# Nuggets little nugglets



## Sowa (Jan 24, 2015)

Here is a picture of 3 of Nuggets babies on day 2. She has 11. I'm looking to order a bin for them so they can have bedding since Nugget keeps putting them under the fleece.


----------



## Sowa (Jan 24, 2015)

Here is another photo


----------



## Sowa (Jan 24, 2015)

Not sure if anyone is looking or not but here is a couple more pictures from today. They are 6 days old now and changed a lot in the last day.


----------



## ChipperJo (Jul 14, 2016)

If you are looking to adopt them out, I'd be glad to take them!
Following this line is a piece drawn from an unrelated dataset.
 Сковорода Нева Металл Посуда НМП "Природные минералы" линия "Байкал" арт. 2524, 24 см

I'm located in VA, but willing to go to WV, MD to get babies.


----------



## Sowa (Jan 24, 2015)

They will be going up for adoption but I am in Canada.


----------



## Heyyouguys (Jun 19, 2016)

Sowa said:


> Not sure if anyone is looking or not but here is a couple more pictures from today. They are 6 days old now and changed a lot in the last day.
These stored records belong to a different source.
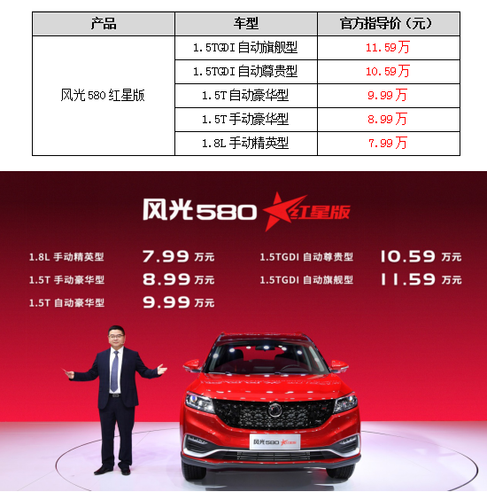 风光580一直以来领衔着东风风光,而且它还一直是国产SUV品牌中的亮眼红星。可以说,自从风光580上市以来,它就受到了车主用户的一致好评,此前的好评基础,使得风光580红星版的出现那么顺理成章。此次风光580红星版的亮相,重新刷新人们对高品质汽车生活的认识,再度突破性价比新高,让人亲切感受到风光580的诚意。
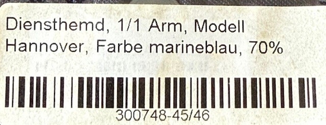 | Biete: Feuerwehr - Diensthemd Modell Hannover, Langarm in Größe 45/46 | ||
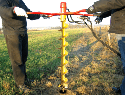 La tarière TRH MANUELLE est d'une utilisation simple à 2 personnes avec moteur hydraulique de tout type d'engin (débit minimum 20 L/min). Grand choix de vrilles, longueur 1,10 m et diamètre 100 à 250 mm et nombreux accessoires pour ancrage type : ANCREST, FENOX, 2 ERGOTS LEBEC - AMARAGRI.
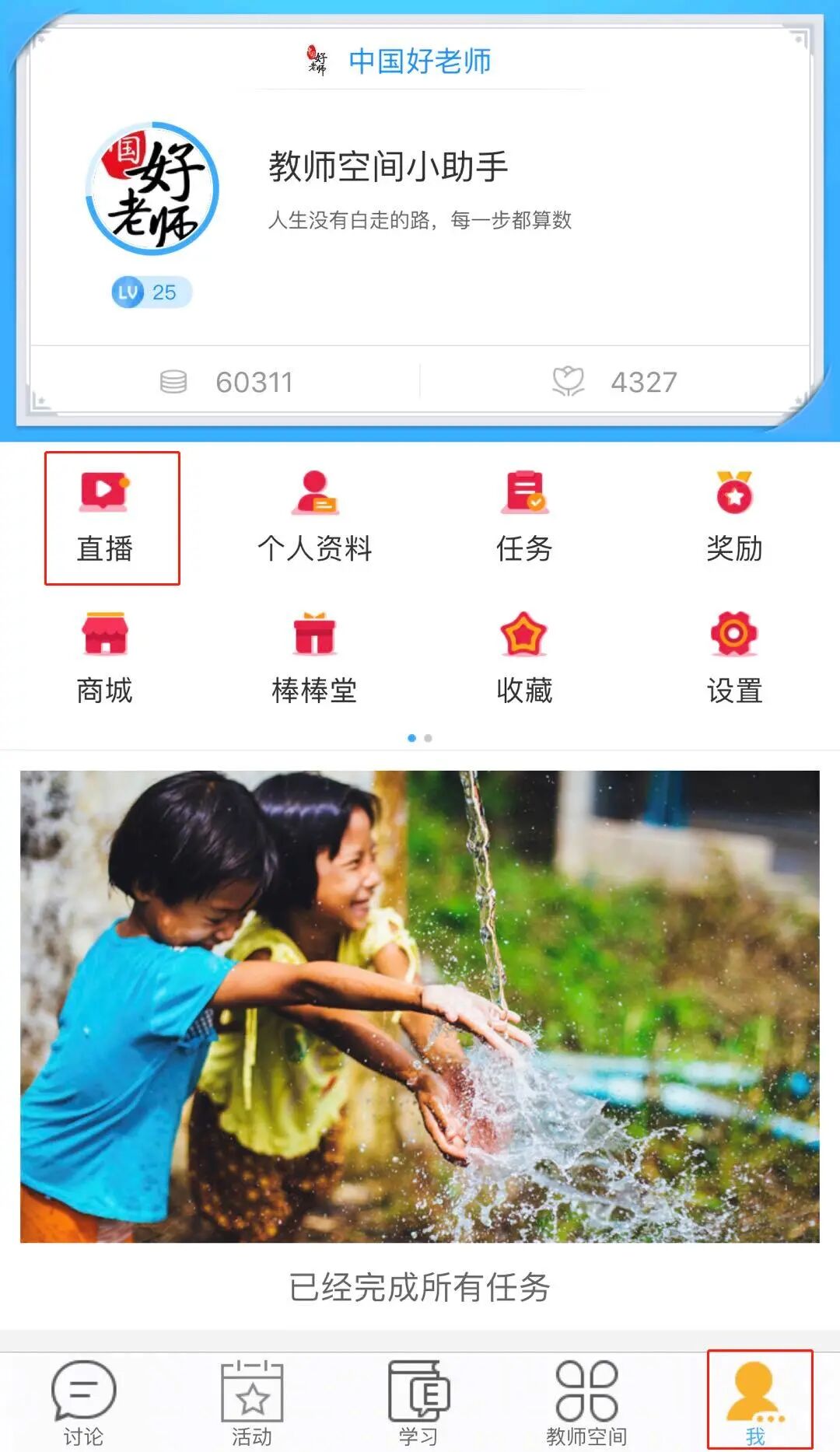 1、打开“中国好老师”App,在【我】-【直播】版块观看。
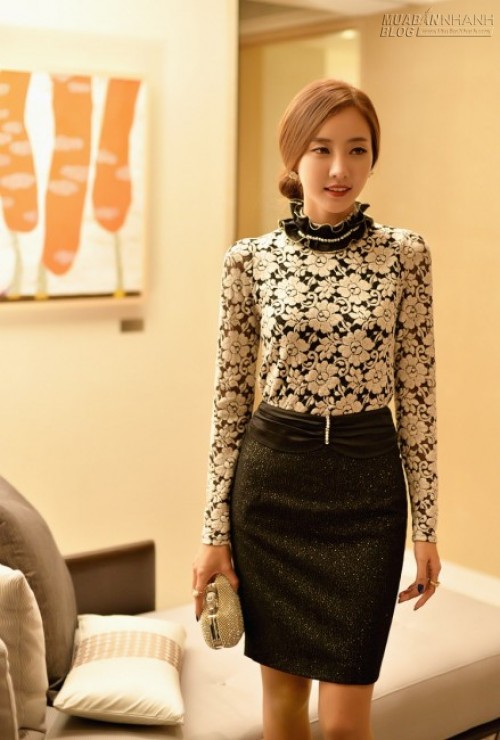 ao ren 110 Kết hợp chân váy bút chì cùng áo ren cho những ngày đông.

Oh they're so cute  so many of them though! When I got my boys, I thought the woman knew what she was doing but when I got there she hadn't separated the males from females and she tried to give me two females! Having done my research I realised that they would have most probably been pregnant and as a first time rat owner, ending up with up to 30 rats would have been an awful situation for me. Glad your litter is healthy


----------



## Sowa (Jan 24, 2015)

Yeah mine will be seperated when old enough


----------



## Lucozade126 (Jul 31, 2016)

So cute 😊


----------



## giggles97 (Jun 12, 2016)

adorable


----------



## Sowa (Jan 24, 2015)

Here is an update they are 2 weeks old 









10 boys 1 girl. I'm keeping the girl


----------